On July 19, 2016, Trump and his running mate, Indiana governor Mike Pence, were officially nominated as the Republican presidential and vice presidential candidates at the Republican National Convention. The pair won the general election on November 8, defeating the Democratic Party ticket of former secretary of state Hillary Clinton and her running mate, U.S. Senator from Virginia Tim Kaine, despite the Democratic ticket consistently leading in polls.

==Candidates and results==

Seventeen major candidates were listed in major independent nationwide polls and filed as candidates with the Federal Election Commission. A total of 2,472 delegates attended the 2016 Republican National Convention, and the winning candidate needed a simple majority of 1,237 votes to become the Republican nominee.

=== Delegate breakdown ===

Fifty-six primary contests were conducted to choose 2,472 delegates. In 50 states and territories the delegates were allocated to candidates by popular vote either statewide or on the congressional district level and then elected according to state rules. In six states and territories, the first-instance popular vote did not allocate any delegates; they were elected later at local conventions and either bound to a candidate or uncommitted.

Most delegates were elected as bound delegates, meaning that they were required to vote for a specific candidate on the first ballot at the national convention. Some delegates attended the convention as unbound or uncommitted delegates, meaning that they were free to vote for anyone at the first ballot. These 130 uncommitted delegates included 18 unbound RNC delegates (Note: RNC members from Colorado, Guam, North Dakota, Samoa, Virgin Islands and Wyoming attended the National Convention as unbound) and 112 delegates that have been elected or allocated as uncommitted. (Note: Uncommitted delegates have been allocated or elected in Colorado (4), Guam (6), Louisiana (5), North Dakota (25), Oklahoma (3), Pennsylvania (54), Samoa (6), Virgin Islands (2), Washington (3), West Virginia (3), and Wyoming (1))

Uncommitted delegates were still at liberty to express a preference for a candidate, although that preference was not binding. Among the 901 delegates elected for candidates who later dropped out of the race, 155 were still bound to vote for their candidate on the first ballot (Note: Some delegates were bound to Bush (1), Carson (7), Fiorina (1), Huckabee (1), Paul (1) and Rubio (144)) and 34 were released (Note: In US elections, suspending a campaign is a legal technicality allowing candidates to keep raising funds and paying off their debts.) according to the local rules of each state party.

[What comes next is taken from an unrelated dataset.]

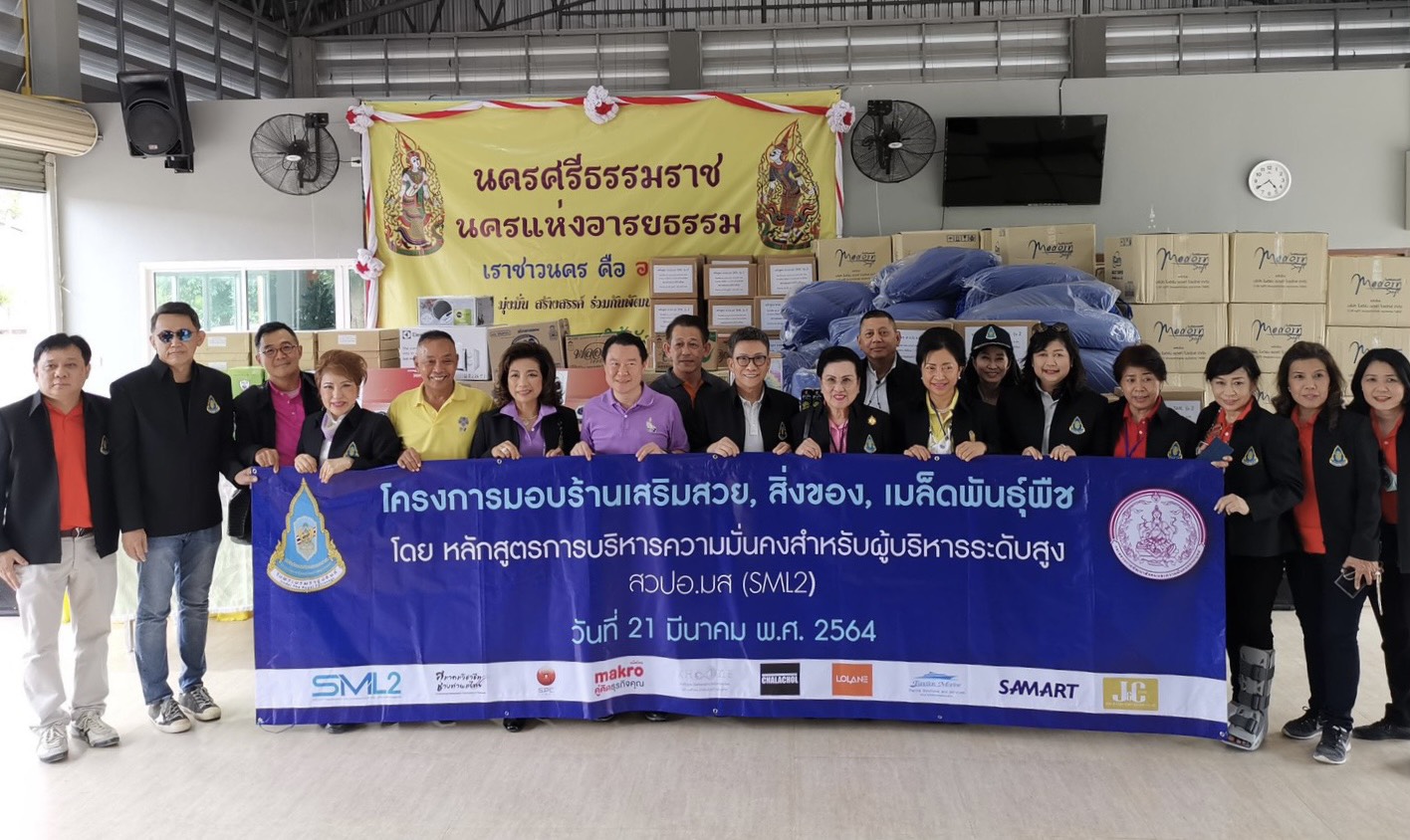 พลเอก ธิวา เพ็ญเขตกรณ์ ผู้อำนวยการหลักสูตรการบริหารความมั่นคงสำหรับผู้บริหารระดับสูง SML และคณะนักศึกษาหลักสูตรการบริหารความมั่นคงสำหรับผู้บริหารระดับสูง สวปอ.มส.SML รุ่นที่ 2 นำโดย นายบัณฑิต สะเพียรชัย กรรมการผู้จัดการใหญ่ บริษัท บีซีพีจี จำกัด (มหาชน) ในฐานะประธานนักศึกษาฯ ร่วมมอบเครื่องอุปโภคบริโภคที่จำเป็นต่อการดำรงชีวิต มูลค่ากว่าหนึ่งล้านบาท ให้แก่ สถานคุ้มครองคนไร้ที่พึ่งภาคใต้ บ้านสิชล จังหวัดนครศรีธรรมราช และมอบห้องเสริมสวย SML2 Salon ให้กับสมาชิกบ้านสิชล พร้อมหลักสูตรอบรมวิชาชีพช่างผม โดยครูช่างผมจากชลาชลกรุ๊ป เพื่อให้สมาชิกบ้านสิชลมีองค์ความรู้สามารถนำไปประกอบอาชีพ และพึ่งพาตนเองได้

If no candidate were elected in the first round of voting, a progressively larger number of delegates would have been allowed to vote for the candidate of their choice. The voting rules on subsequent ballots were determined by individual states: most states released their delegates on the second round of voting, and only four states kept them bound on the third round and beyond.

This table shows how many bound delegates each candidate had won before suspending his or her campaign. It does not show how many unbound delegates pledged their support to any candidate during the primaries, nor does it show the expected result of the vote at the national convention. Although a state is considered won by a candidate if a plurality of the state's delegates are bound, RNC Rule 40(b) required a candidate to demonstrate support from a majority of delegates in eight states to be eligible as the nominee.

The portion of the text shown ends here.